The designer was very interested in using a geomembrane to line the water hazards because of the extremely porous soil conditions in the area. In addition, he was faced with the problem of completing construction of the streams and lakes with in 45 days of the initial contact with the fabricator.
Several materials had been considered to line the water features; many were rejected because of the schedule constraints. Concrete was ruled out because of the logistics required to provide the volume of material to be free-formed and placed by hand. A high density polyethylene (HDPE) geomembrane was considered but rejected because specialized equipment and specially trained technicians would need to be sent to the site. A polyvinyl chloride (PVC) geomembrane was a good solution to the problems of logistics and quick completion, but the need for soil cover on the steep side slopes of the streams made PVC an impractical choice.
The solution was a 20-mil UltraTech unreinforced ethylene interpolymer alloy liner, which could be prefabricated in large panels and shipped to the project site. The UltraTech material could be exposed to the weather and installed by the local labor force with minimal training if experienced supervisors oversaw the work.
Environmental Protection Inc. fabricated the material at its plant in Mancelona, Mich. The typical panel size was 12 by 50 meters. The largest panel was 40 by 50 meters for use in a large reflecting pond that would surround a par-3 green. The fabricated material had to arrive in Morocco within 10 days of the order. The liner materials and fusion chemicals were packaged on pallets for air freight, shipped by truck to New York City, flown by Royal Air Moroc to Casablanca, and transferred, again by truck, to the Royal Palace in Skhirat, Morocco.
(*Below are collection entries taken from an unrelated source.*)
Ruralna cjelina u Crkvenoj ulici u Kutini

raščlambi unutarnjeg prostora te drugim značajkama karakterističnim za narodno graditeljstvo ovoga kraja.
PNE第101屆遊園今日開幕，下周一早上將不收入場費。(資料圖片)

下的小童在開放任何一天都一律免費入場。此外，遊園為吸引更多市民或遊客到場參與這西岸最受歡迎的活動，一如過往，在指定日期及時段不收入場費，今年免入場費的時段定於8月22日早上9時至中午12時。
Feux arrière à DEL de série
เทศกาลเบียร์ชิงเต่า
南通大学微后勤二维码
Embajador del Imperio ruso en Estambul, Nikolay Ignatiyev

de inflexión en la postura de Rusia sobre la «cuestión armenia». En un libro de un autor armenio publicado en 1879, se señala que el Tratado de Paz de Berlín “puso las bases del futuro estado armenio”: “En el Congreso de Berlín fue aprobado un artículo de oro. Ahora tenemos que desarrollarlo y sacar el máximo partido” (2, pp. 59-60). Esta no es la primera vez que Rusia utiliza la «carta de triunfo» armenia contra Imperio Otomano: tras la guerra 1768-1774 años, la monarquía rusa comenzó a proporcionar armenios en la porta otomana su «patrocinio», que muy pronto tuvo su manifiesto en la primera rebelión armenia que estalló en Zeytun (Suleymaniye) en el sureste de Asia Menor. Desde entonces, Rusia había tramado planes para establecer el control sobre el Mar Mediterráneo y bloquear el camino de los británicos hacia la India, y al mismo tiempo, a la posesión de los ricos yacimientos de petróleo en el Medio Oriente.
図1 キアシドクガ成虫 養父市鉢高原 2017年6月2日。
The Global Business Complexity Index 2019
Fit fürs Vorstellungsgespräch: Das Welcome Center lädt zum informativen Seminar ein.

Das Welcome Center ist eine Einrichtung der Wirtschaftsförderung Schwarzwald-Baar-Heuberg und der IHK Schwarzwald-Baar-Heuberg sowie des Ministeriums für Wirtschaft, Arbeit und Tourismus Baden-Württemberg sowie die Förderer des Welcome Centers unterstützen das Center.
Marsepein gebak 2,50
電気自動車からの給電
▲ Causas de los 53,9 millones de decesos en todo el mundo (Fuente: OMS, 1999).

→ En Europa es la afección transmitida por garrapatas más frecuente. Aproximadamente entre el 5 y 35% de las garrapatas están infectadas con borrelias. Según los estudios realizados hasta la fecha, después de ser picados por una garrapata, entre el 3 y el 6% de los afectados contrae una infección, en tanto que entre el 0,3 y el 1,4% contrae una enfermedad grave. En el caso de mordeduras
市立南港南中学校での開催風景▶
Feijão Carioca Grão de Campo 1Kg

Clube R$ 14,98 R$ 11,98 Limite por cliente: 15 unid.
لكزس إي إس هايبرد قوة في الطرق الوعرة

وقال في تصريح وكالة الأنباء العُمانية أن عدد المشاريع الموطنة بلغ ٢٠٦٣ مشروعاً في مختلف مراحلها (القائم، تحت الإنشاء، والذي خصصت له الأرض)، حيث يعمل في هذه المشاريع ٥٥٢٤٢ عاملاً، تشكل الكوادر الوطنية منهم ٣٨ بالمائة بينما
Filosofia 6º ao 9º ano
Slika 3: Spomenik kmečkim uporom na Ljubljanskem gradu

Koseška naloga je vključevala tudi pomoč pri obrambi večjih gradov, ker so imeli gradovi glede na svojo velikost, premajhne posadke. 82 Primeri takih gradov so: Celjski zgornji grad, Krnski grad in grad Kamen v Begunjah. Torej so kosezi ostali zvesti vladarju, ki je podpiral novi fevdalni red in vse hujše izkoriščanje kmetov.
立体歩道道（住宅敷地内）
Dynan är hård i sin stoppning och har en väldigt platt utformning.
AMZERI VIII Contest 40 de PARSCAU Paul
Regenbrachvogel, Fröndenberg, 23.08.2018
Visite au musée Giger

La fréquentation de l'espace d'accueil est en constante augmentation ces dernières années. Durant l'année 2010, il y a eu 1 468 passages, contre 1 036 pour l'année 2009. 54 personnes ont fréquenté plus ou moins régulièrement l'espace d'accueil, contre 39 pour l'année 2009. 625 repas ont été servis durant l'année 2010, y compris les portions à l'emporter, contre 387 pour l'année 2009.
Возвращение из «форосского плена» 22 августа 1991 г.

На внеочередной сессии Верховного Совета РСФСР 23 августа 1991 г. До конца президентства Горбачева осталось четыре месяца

When the geomembrane was on its way, we followed to supervise its installation. After a 17-hour trip, we arrived in Casablanca on 2 June - minus luggage and tools. When we arrived at the Summer Palace, we met Zerda Fouad, the topographical engineer who had engineered the project from the landscape architects' design. Our first ulcer-inducing discovery was that we had 318,728 square feet of geomembrane fabricated into 33 custom panels but no panel layout. Since he had no previous experience with geomembranes, Fouad had the installation layout and sequence stored in his head!
We decided to start installing at the end of the stream at the highest elevation and work down the slope. We first selected the panel sizes that most closely fit the areas to be lined. The streams had been cut and shaped and a 6-inch sand cushion placed by hand prior to our arrival. We requested 10 laborers to begin digging an anchor trench at the perimeter. To our amazement, within 15 minutes, approximately 40 workers arrived at our location. We discovered later that more than 200 men were working at the site. After several hours of digging in the rock-hard soil with antiquated picks and shovels, we appropriated a road grader to cut a V-trench through the sod and topsoil to speed the trenching process.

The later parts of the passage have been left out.